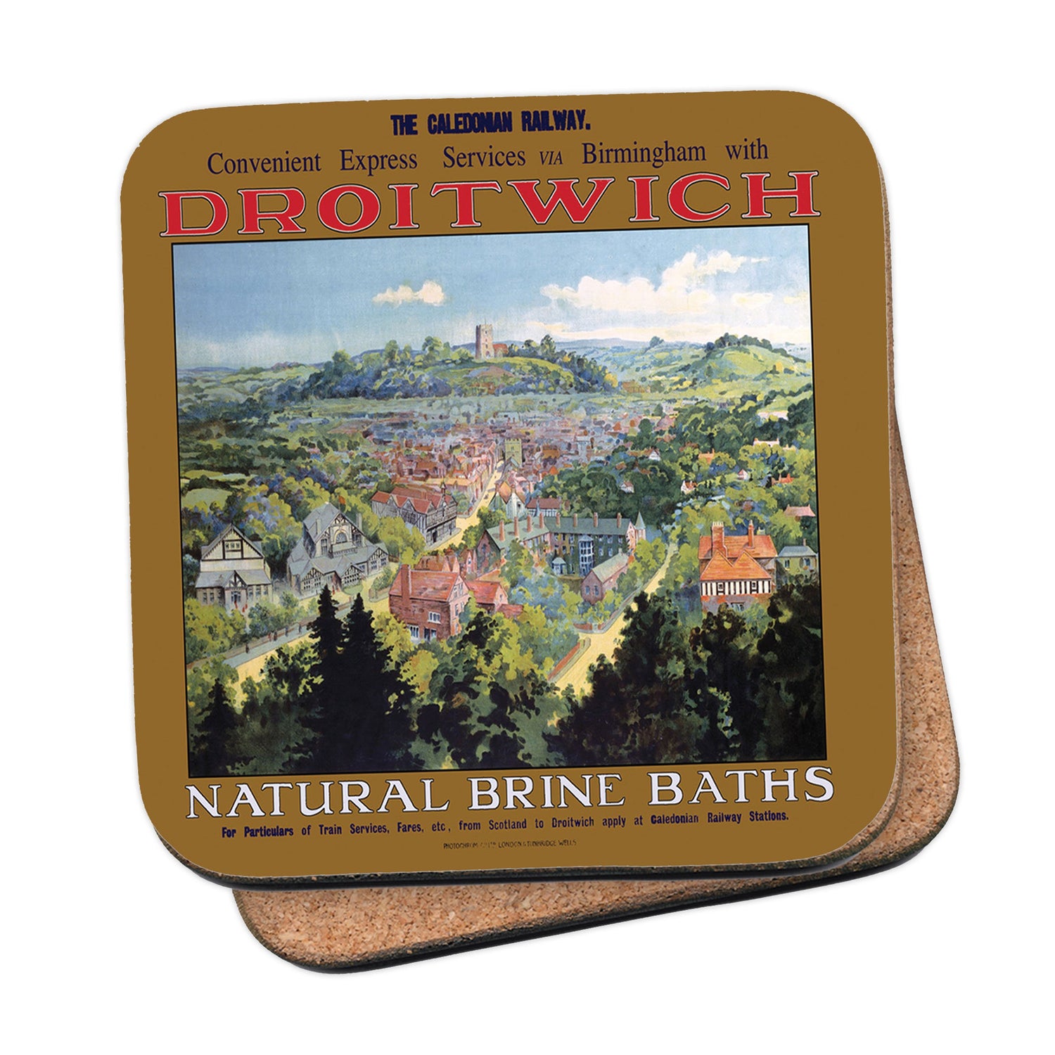 Protect your table surfaces with these durable cork coasters. Beautiful design of Droitwich, Natural Brine Baths. Perfect for any Railway Posters enthusiast.
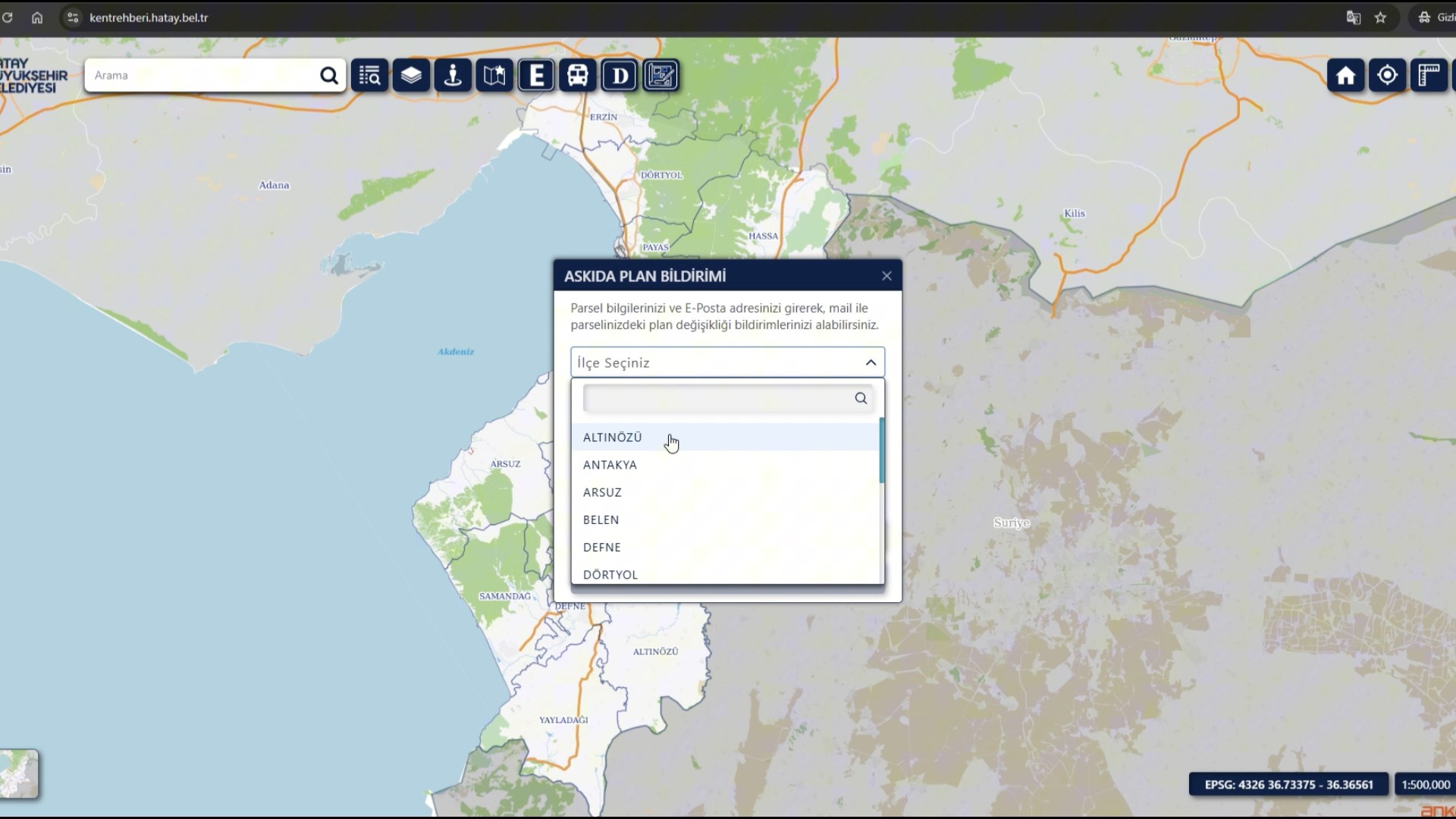 Kent Rehberi’nin https://kentrehberi.hatay.bel.tr adlı web sitesi ve mobil uygulaması üzerinden “Askıda Planlar” butonuna tıklayan vatandaşlar, parsel bilgilerini sisteme kolayca ekleyebiliyor. “Parsel Ekle” ve ardından “İlerle” butonlarıyla ad, soyad ve e-posta adresi girilerek hem mevcut hem de gelecekteki imar planı değişikliklerinden anlık bildirimlerle haberdar olunabiliyor.
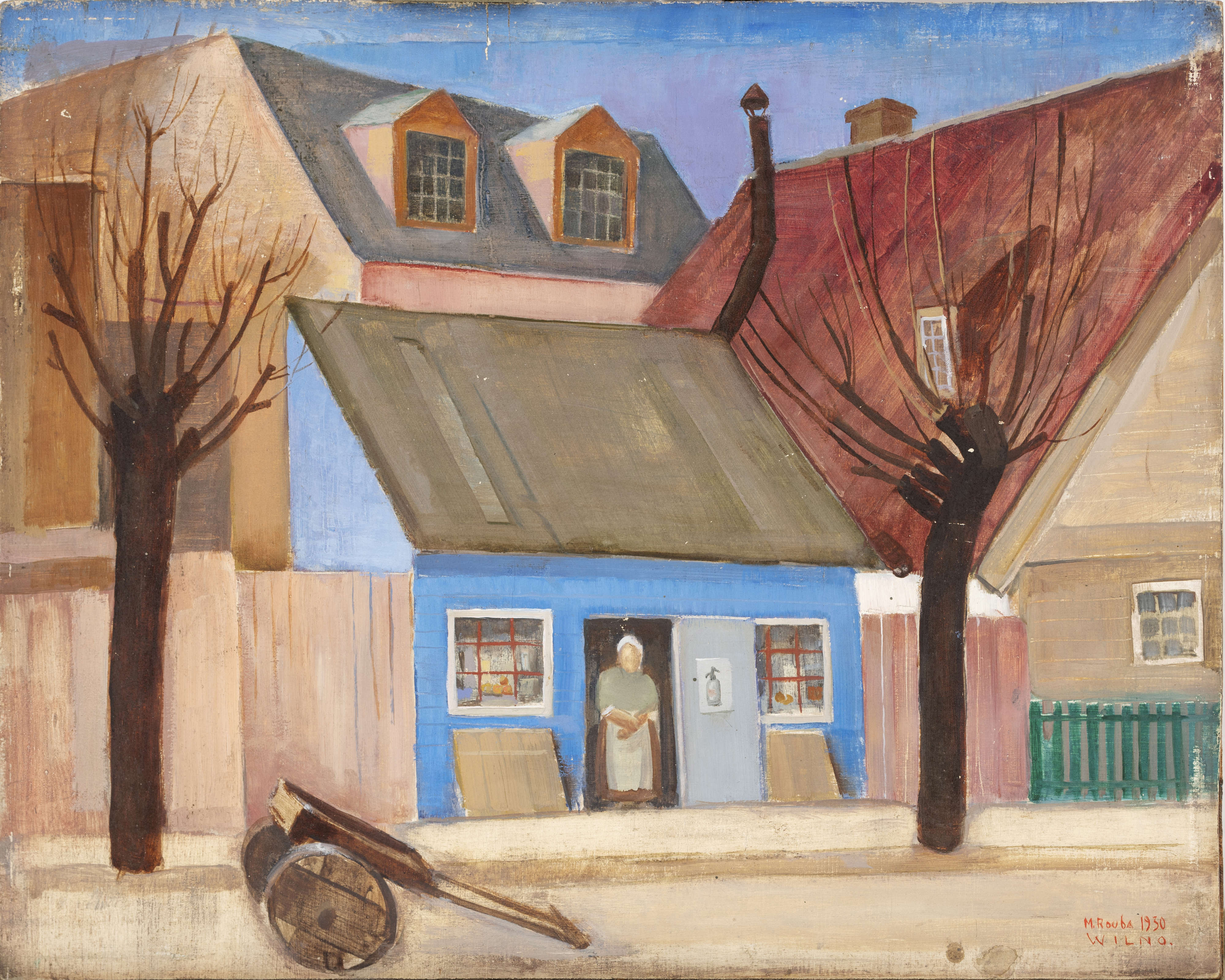 Twórczość Rouby ujmowała dwa aspekty malarstwa pejzażowego – zdystansowanych obserwacji panoramicznie ukazanych scen i wyobrażeń miejskich, wedut kształtowanych wąskim ujęciem ciasno zabudowanych kompozycji. Ulica Mickiewicza – główna arteria dawnego i współczesnego Wilna – stanowi malarską transpozycję w kameralne studium wypełnione gęstą drewnianą zabudową. Scena wypełniona mocnym światłem jest pozbawiona szczegółów, zredukowana do geometrycznego rytmu kolorowych brył i płaszczyzn, wąskiego pasa ulicy i porzuconej drewnianej taczki. W ten pusty, wyciszony miejski krajobraz jest wkomponowana stojąca w drzwiach kobieca postać ukazana frontalnie, uogólniona, pozbawiona indywidualności. Jednocześnie wileński krajobraz jest pokazany z niezwykłą zażyłością, ciepło, intymnie, potraktowany prowincjonalnie, ale też czule. W 1930 Rouba spędził wakacje we Włoszech, znajdując tam inspiracje dla nowej formuły krajobrazu, barwnego, rozświetlonego, wypełnionego zabudowaniami.
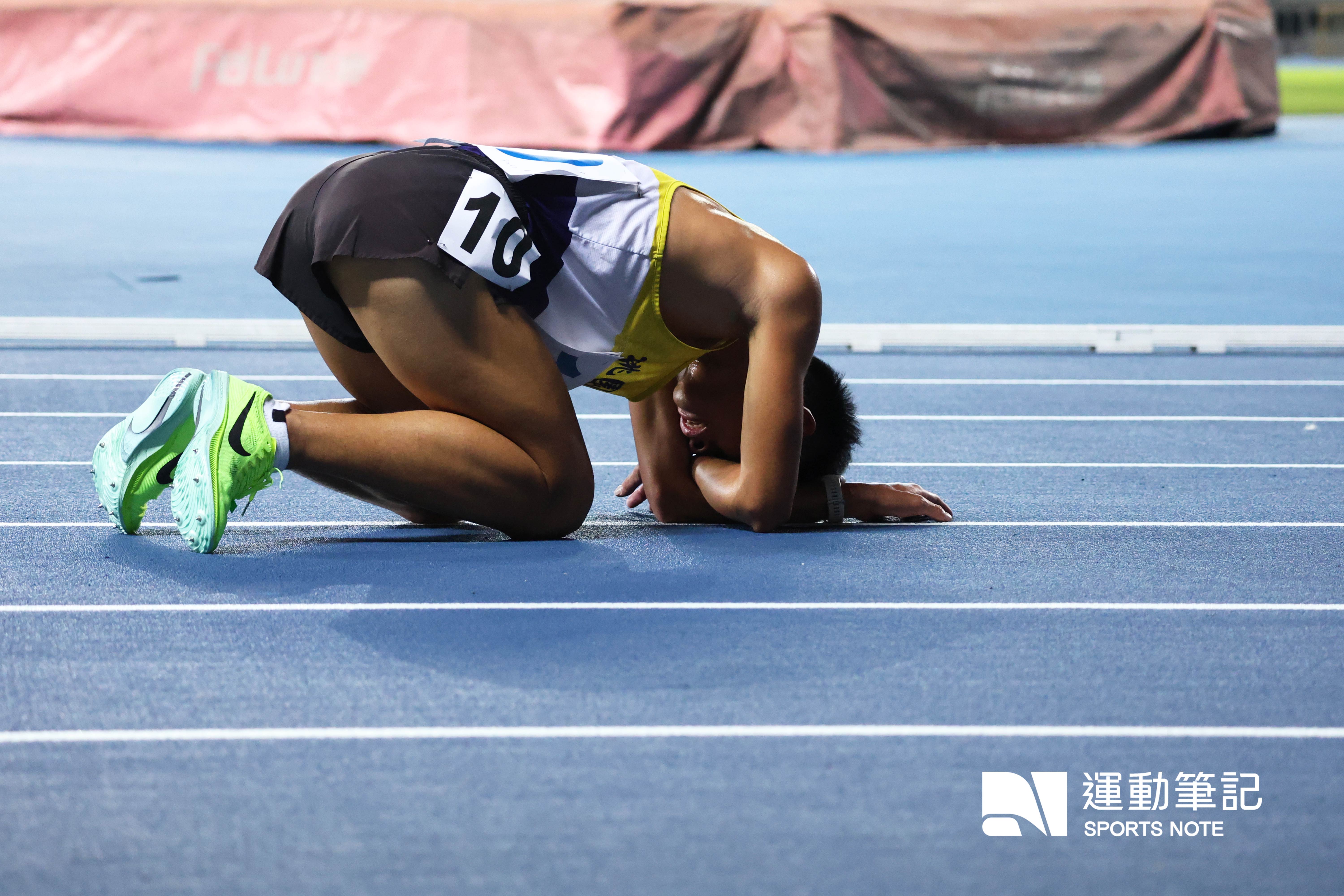 詹證諠 通過終點打破個人最佳後跪地痛哭。圖/Eulla
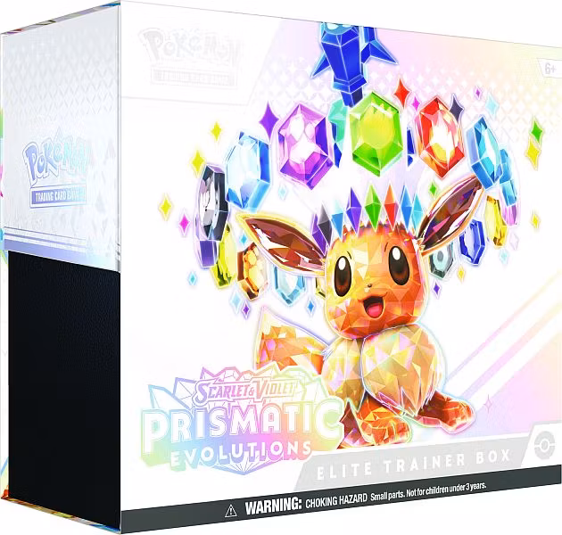 Opplev de fantastiske Eevee-evolusjonene i det ettertraktede Prismatic Evolutions-settet! Denne Elite Trainer Boxen er den perfekte måten å kickstarte samlingen din på.
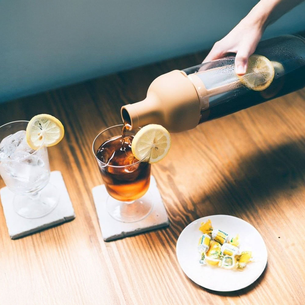 Brews iced coffee with only ground coffee and water. Put ground coffee in the strainer, set it on the spout and slowly pour in water to brew. Leave in your refrigerator for about eight hours to brew.

■ EXERCISE REQUIREMENTS: Your answer should consist solely of the lines from the line with "Opplev de fantastiske" to the final line of the listing, set down word for word, pictures omitted.

■ RESULT FOR THIS EXERCISE:
 Opplev de fantastiske Eevee-evolusjonene i det ettertraktede Prismatic Evolutions-settet! Denne Elite Trainer Boxen er den perfekte måten å kickstarte samlingen din på.
 Brews iced coffee with only ground coffee and water. Put ground coffee in the strainer, set it on the spout and slowly pour in water to brew. Leave in your refrigerator for about eight hours to brew.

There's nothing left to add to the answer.